The service to service auth docs contain more details about how to properly use tokens in your HTTP request paths.

Authorizing Tokens

Most plugins should not deal with incoming request tokens directly at all, but rather use httpAuth.credentials instead as part of their request handlers. But in the rare cases where you are holding an incoming token and want to validate it and turn it into a credentials object, you can do so:

const credentials = await auth.authenticate(token);

There is an optional second parameter that you can set to { allowLimitedAccess: true } if you specifically built a plugin that deals with cookie based access, which is rare.

Inspecting Credentials

The auth service also contains facilities for working with credentials objects. For example checking what type of principal (caller type - e.g. user or service) they represent. For example:

if (auth.isPrincipal(credentials, 'user')) {
// In here, the TypeScript type of the credentials object has been properly
// narrowed to `BackstageCredentials<BackstageUserPrincipal>` so you can
// access its specific properties such as `credentials.principal.userEntityRef`.
}

Configuring the service

Note

The auth service is not suitable for having its implementation replaced entirely in your private repo. If you desire additional service auth related features, don't hesitate to file an issue or contribute to the open source features.

For configuring service-to-service access methods, see the auth docs.

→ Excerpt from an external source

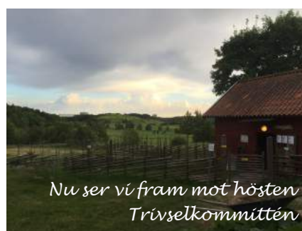
Nu ser vi fram mot hösten Trivselkommittén

Gå också med i Facebook-gruppen Akalladalens Samfällighet - där kan man få och växla mycket information. Kontakta Nyree Ruiz.

The default auth policy requires all requests to be authenticated with either user or service credentials. This can be disabled by setting the backend.auth.dangerouslyDisableDefaultAuthPolicy app-config flag to true. Disabling this check means that the backend will no longer block unauthenticated requests, but instead allow them to pass through to plugins. Do not do this in production unless absolutely necessary.

If permissions are enabled, unauthenticated requests will be treated exactly as such, leaving it to the permission policy to determine what permissions should be allowed for an unauthenticated identity. Note that this will also apply to service-to-service calls between plugins unless you configure credentials for service calls.